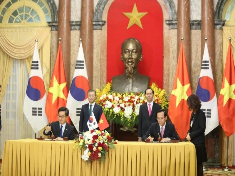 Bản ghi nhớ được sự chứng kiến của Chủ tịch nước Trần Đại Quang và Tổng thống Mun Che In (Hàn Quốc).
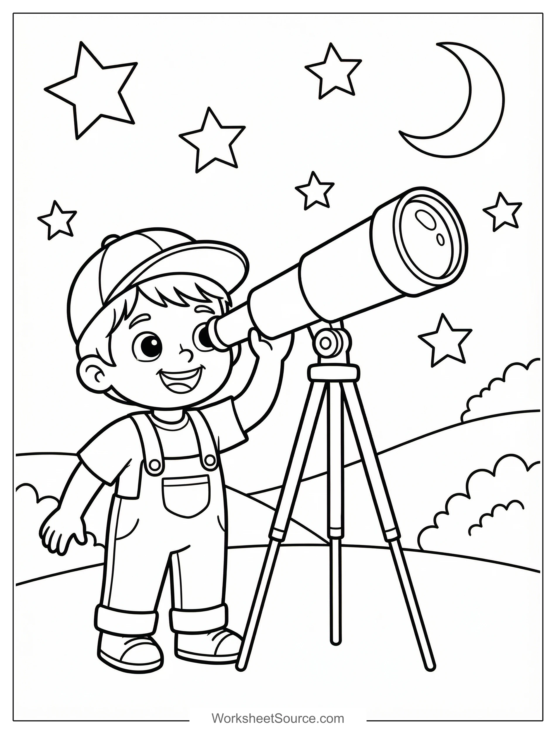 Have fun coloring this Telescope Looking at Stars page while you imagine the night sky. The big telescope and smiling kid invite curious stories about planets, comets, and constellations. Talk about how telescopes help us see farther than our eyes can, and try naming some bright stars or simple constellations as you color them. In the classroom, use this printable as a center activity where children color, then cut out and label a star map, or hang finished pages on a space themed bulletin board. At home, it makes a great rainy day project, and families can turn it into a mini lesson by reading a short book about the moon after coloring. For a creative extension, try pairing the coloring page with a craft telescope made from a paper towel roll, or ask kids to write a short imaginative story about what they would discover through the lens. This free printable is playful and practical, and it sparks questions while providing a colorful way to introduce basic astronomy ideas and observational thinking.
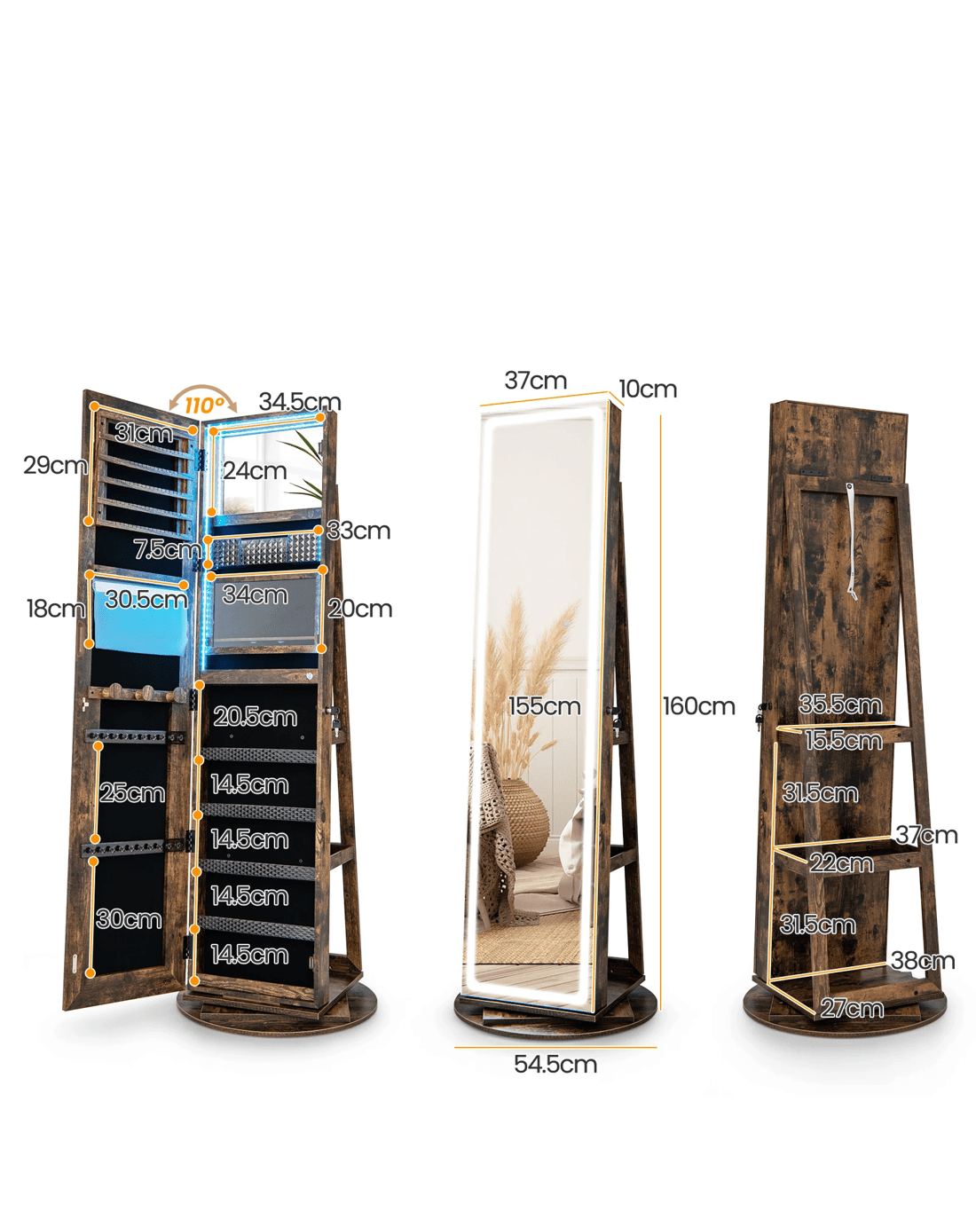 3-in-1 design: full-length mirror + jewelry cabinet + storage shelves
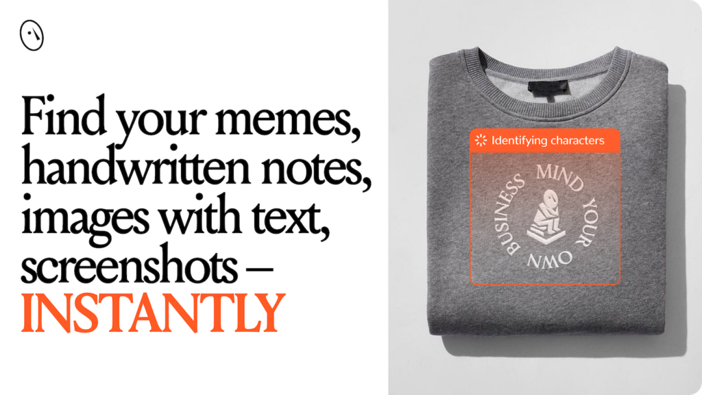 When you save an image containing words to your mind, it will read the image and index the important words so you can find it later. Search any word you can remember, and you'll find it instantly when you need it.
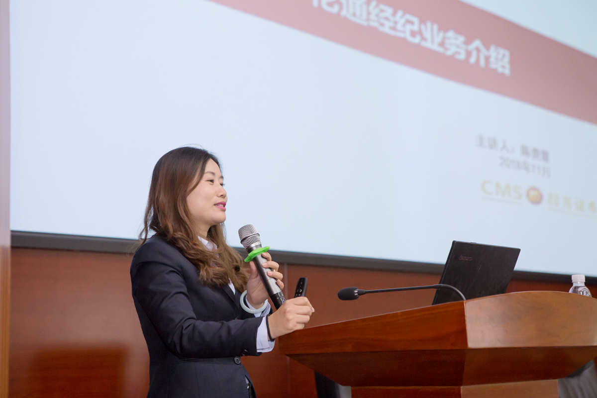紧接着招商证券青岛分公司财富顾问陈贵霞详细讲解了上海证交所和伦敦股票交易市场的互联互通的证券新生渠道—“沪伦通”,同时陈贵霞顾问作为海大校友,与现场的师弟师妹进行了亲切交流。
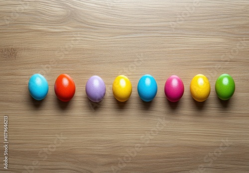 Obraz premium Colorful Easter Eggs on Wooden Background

==

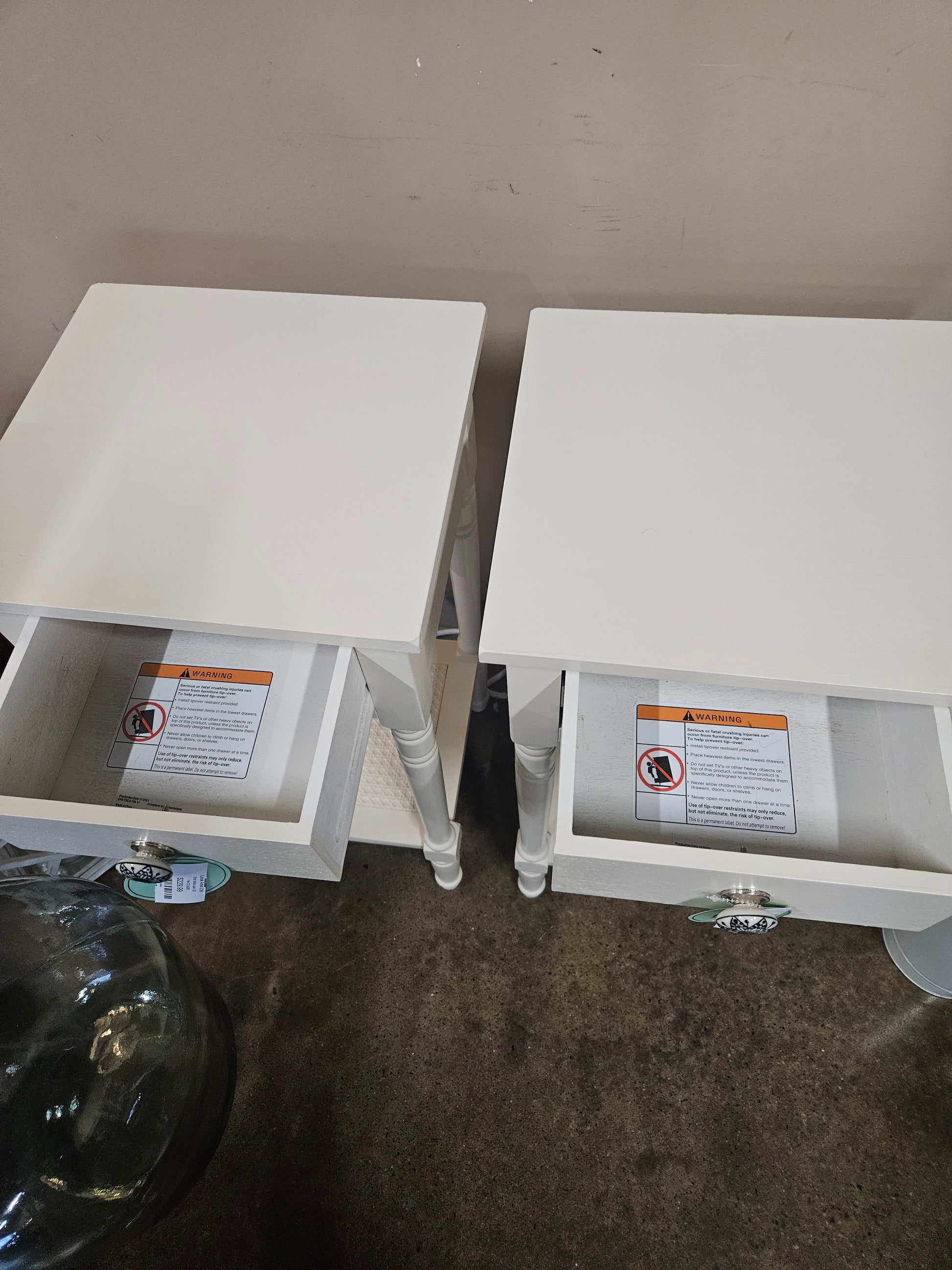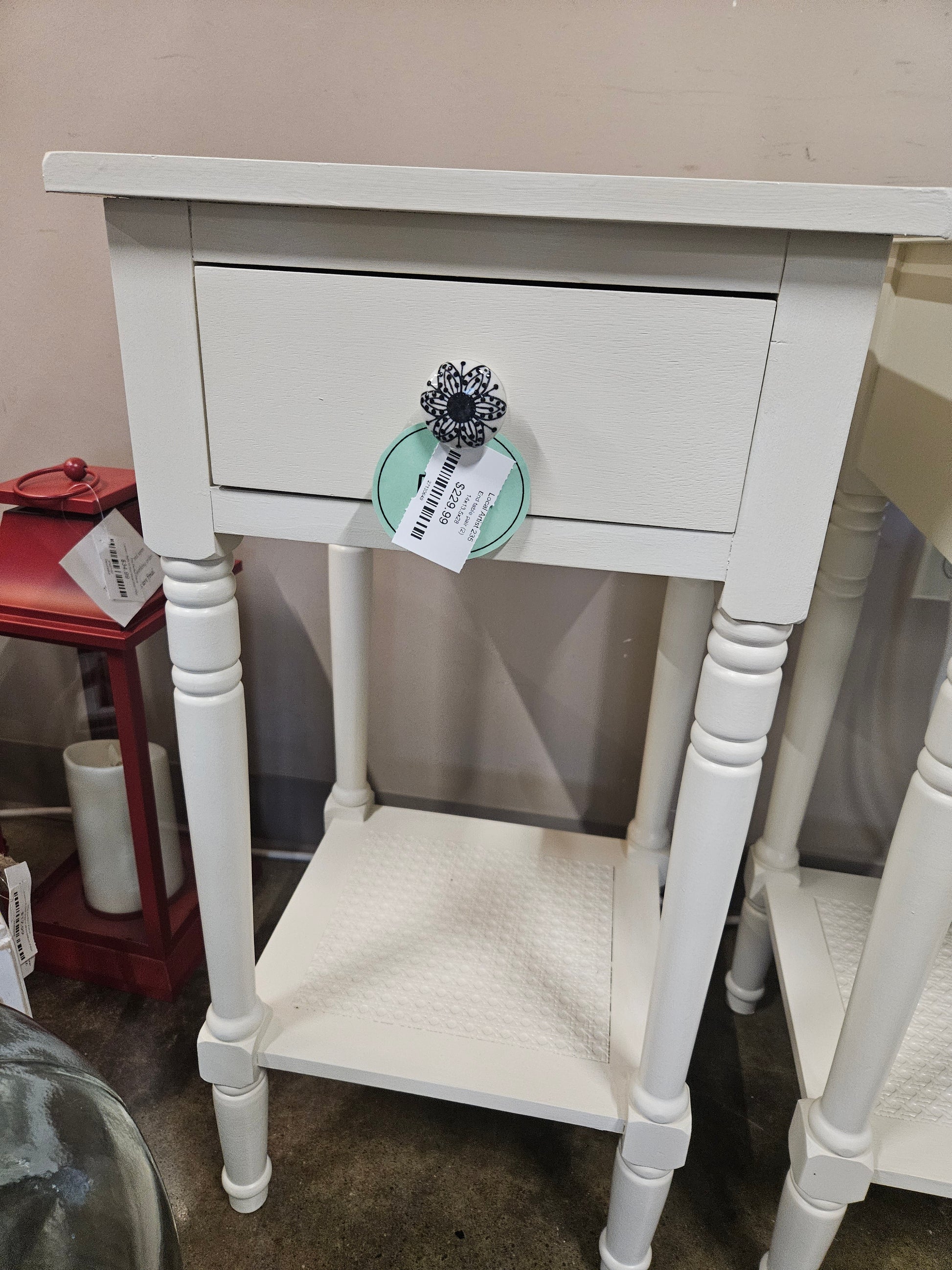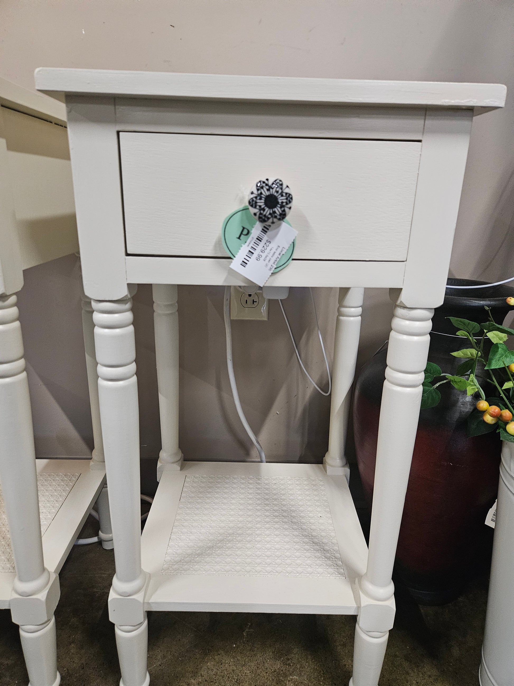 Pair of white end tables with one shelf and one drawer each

• _YOUR ASSIGNMENT_:
In the listing above, find the line with "When you save" and output it and every line after it up to and including the line with "Obraz premium Colorful", exactly, minus the pictures.

• _EXERCISE RESPONSE_:
 When you save an image containing words to your mind, it will read the image and index the important words so you can find it later. Search any word you can remember, and you'll find it instantly when you need it.
紧接着招商证券青岛分公司财富顾问陈贵霞详细讲解了上海证交所和伦敦股票交易市场的互联互通的证券新生渠道—“沪伦通”,同时陈贵霞顾问作为海大校友,与现场的师弟师妹进行了亲切交流。
 Obraz premium Colorful Easter Eggs on Wooden Background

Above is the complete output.